筆者は、美貌格差には賛同しないが、外見は内面を表すという考えは一理あると感じている。たとえば、アメリカでは過度の肥満は自己管理ができていないとの印象を与えるとして、ビジネスパーソンがダイエットに励むことも多い。日本でも、就職活動などで外見が与える影響は大きい。
実のところ、表立って口に出さなくても、我々は外見が大事であることを認識している。“デキる男”は、こういった現実を認識し、外見を整えることに力を割いている。
筆者は、仕事を通じて、さまざまな職種の男性に会う機会がある。どの分野でも、活躍している男性に共通しているのが「デキる男は美しい」という点だ。しかし、筆者のいう美しさとは、決して美貌ではなく「身嗜みを整えている」という意味だ。デキる男たちの多くは、髪やヒゲを整えることはもちろん、肌の手入れなどにも気を遣っている。
筆者が知る限りでも、メンズエステティックに通っている男性がいる。その理由を聞くと、次のように説明された。
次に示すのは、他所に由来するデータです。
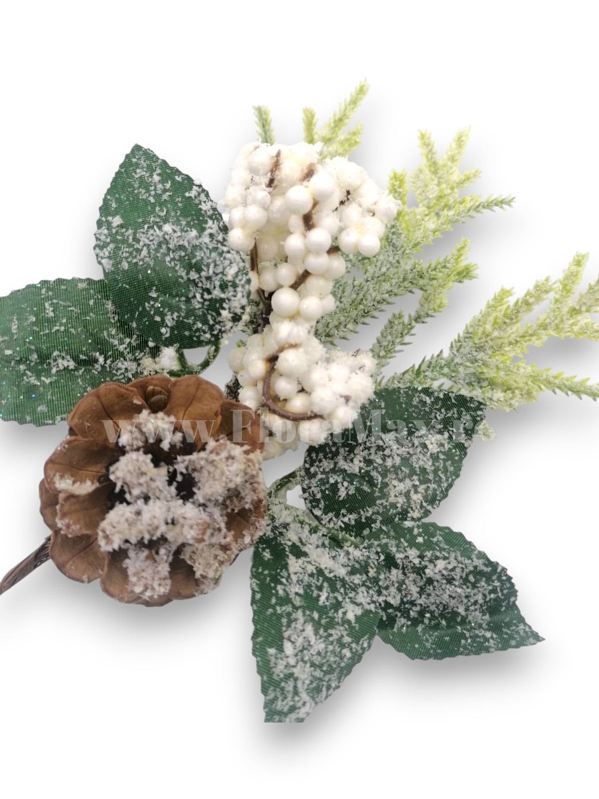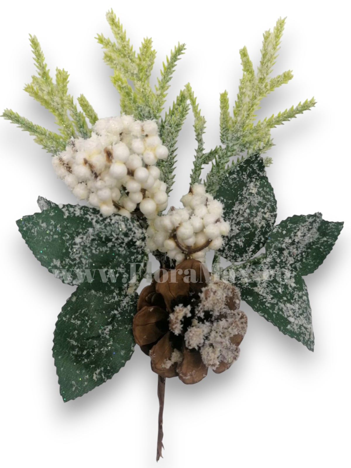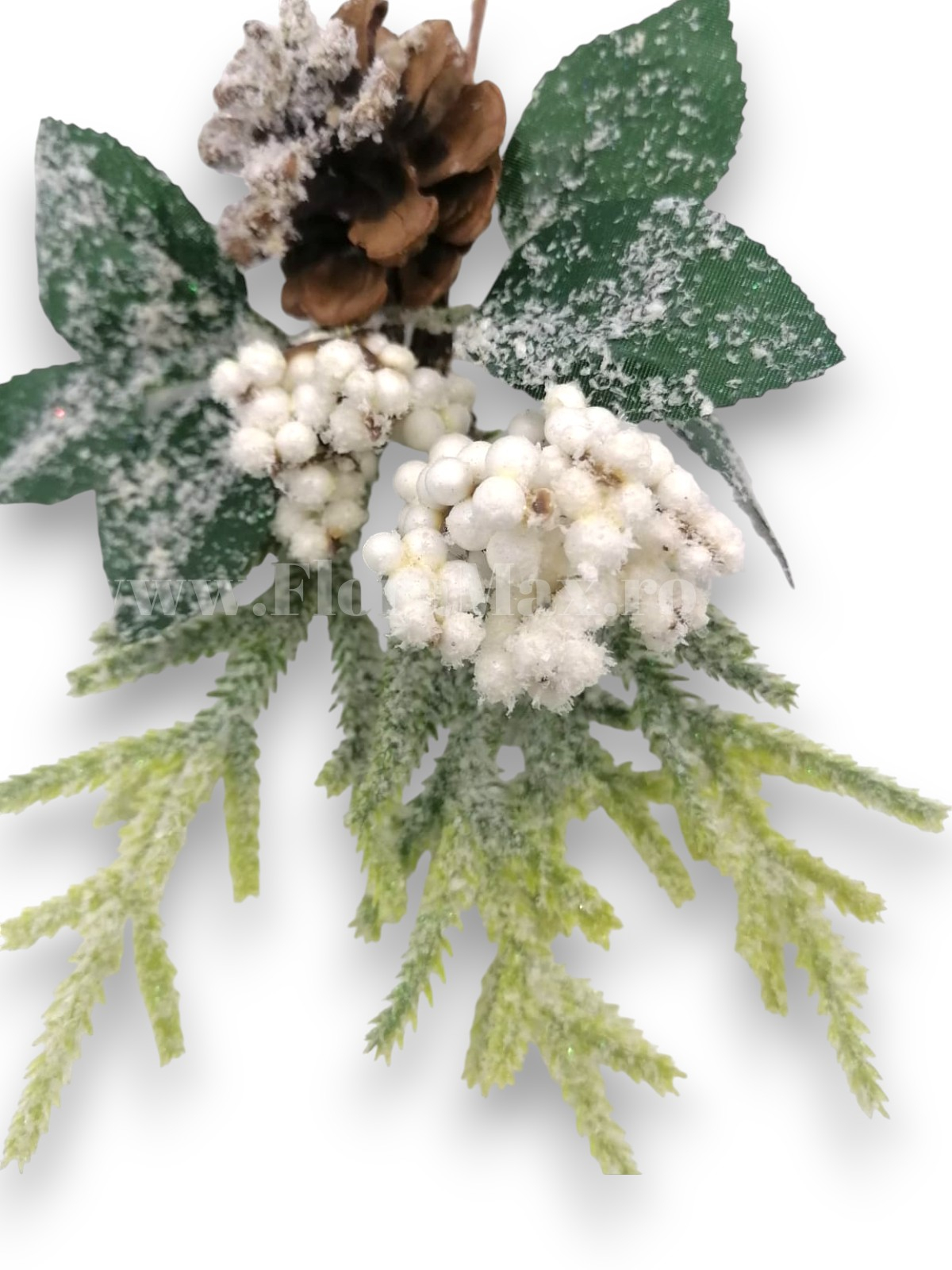 Crenguta Craciun cu zapada bilute albe, si con brad 23 cm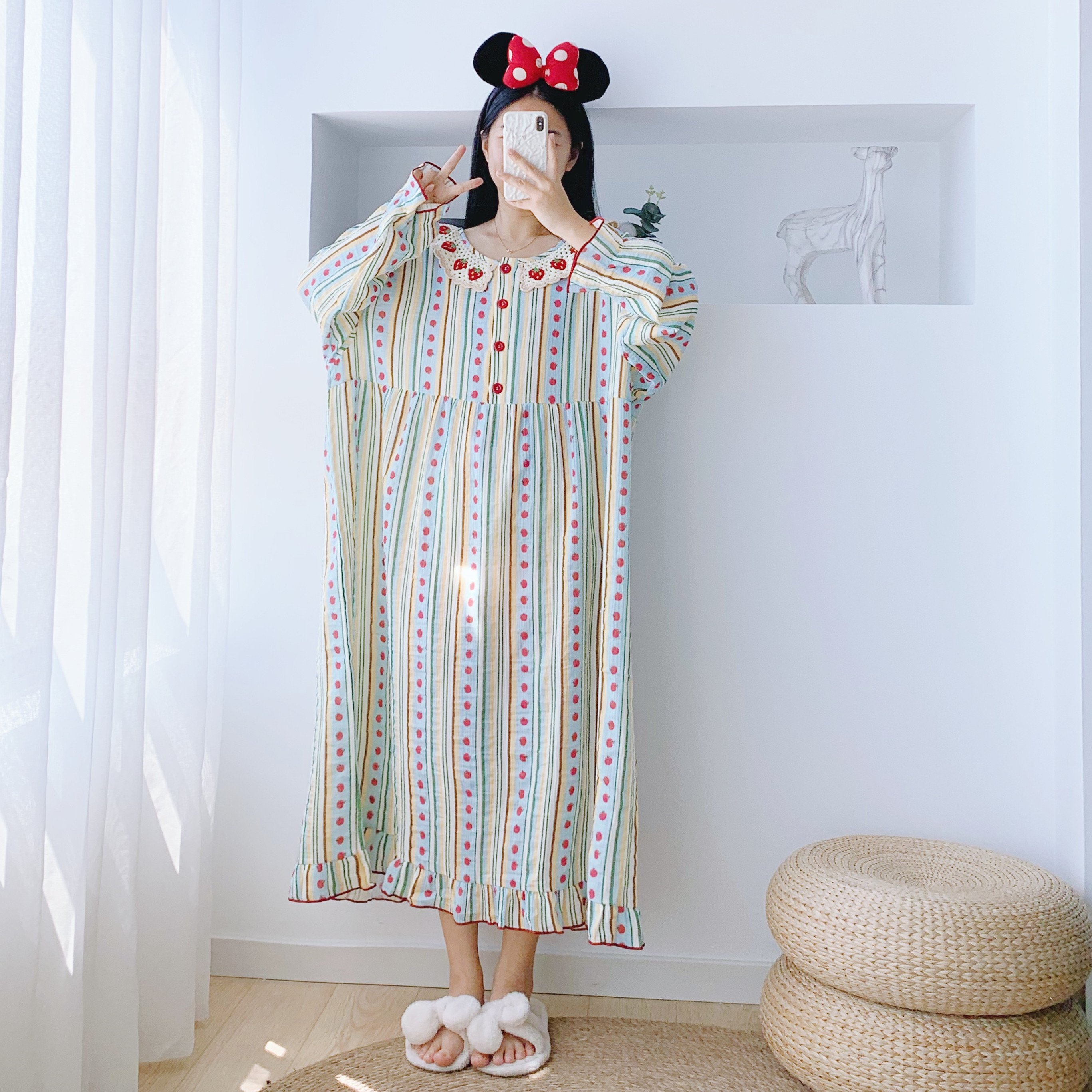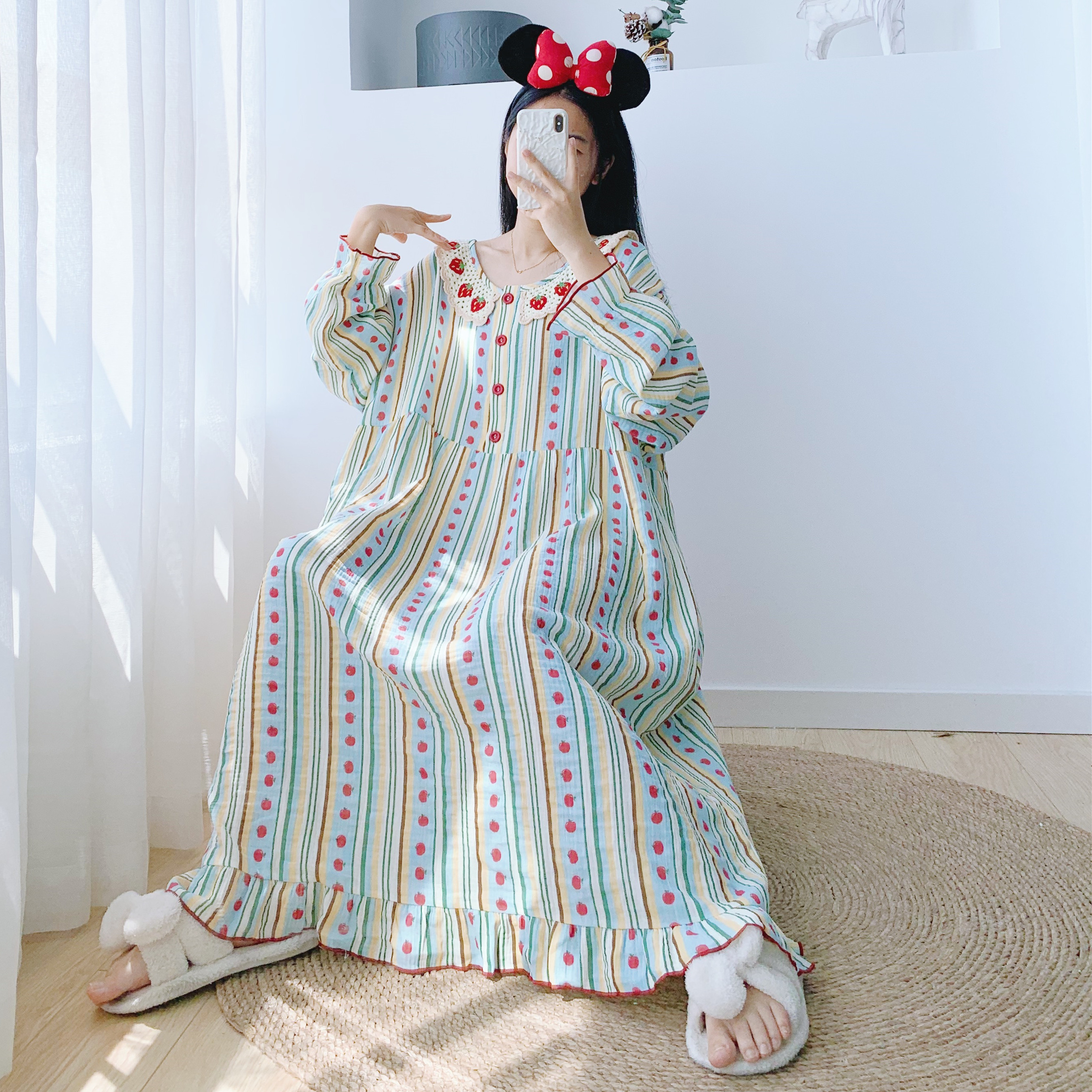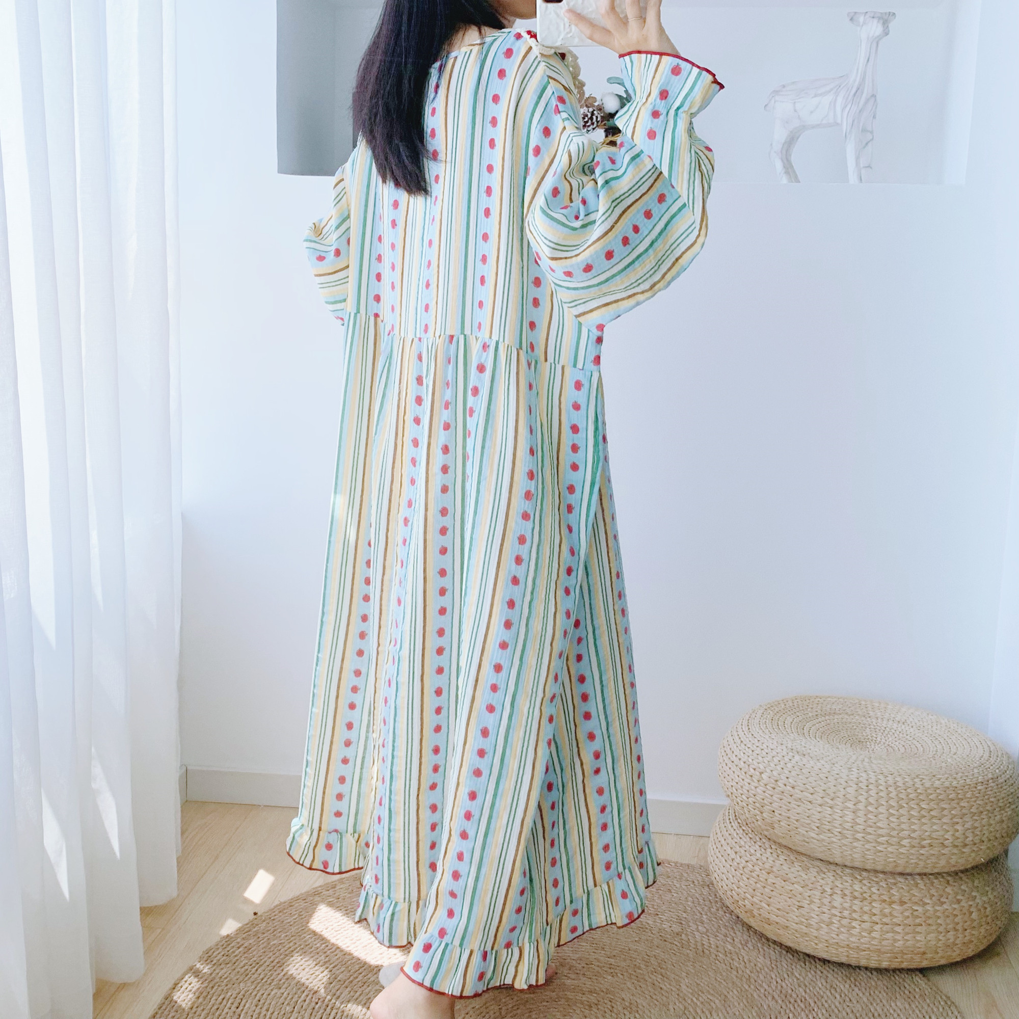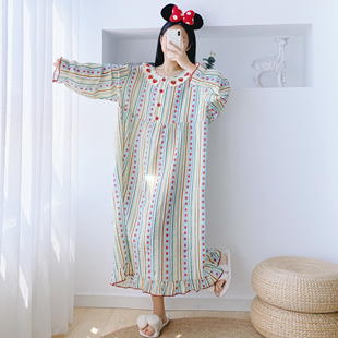 帕兰朵睡裙女春秋纯棉长袖 孕妇睡衣 甜美宽松中长连衣裙可外穿大码

「汗をかくとかゆくなるなど、ムダ毛が不快なので腹部の脱毛に通っている」(30歳会社役員)」
「一部だけ口髭が濃く、清潔感に欠ける印象になるのを避けるため脱毛した」(30歳サービス業)」
このように、最近は気軽にメンズエステに通う男性が増えているように感じるのだが、実際にはどの程度、一般的なものとなっているのだろうか。エステ業界最大手のTBCグループに話を聞いた。
メンズエステに行くキッカケは?
男性がエステに行くのは、やや勇気がいるのではないかと想像するが、そうでもないようだ。
「彼女や奥様からお勧めされたのがきっかけでいらっしゃる方や、実際にメンズTBCをご利用になったお客様のご紹介で来店する方も増えています」(TBCグループ広報室・保坂悠佳氏)
つまり、メンズエステが広まった陰には、妻や彼女の後押しがあったといえる。
「ご夫婦やカップルで、または友人同士でエステに行っていることを共有できるくらい、エステが身近なものになってきているのではないでしょうか。また、モノを持つより、コトへの関心が高まっており、利用意向は高まっていると感じます。実際に、メンズTBCの来店者延数も増加しています」(同)
女性の場合でも、エステに行く際には信頼できるエステを選ぶために、友人からの紹介を受けることも多い。まったく知らないエステにいきなり行くのは勇気がいるので、利用者にとってもエステ側にとっても、「紹介」は便益といえるだろう。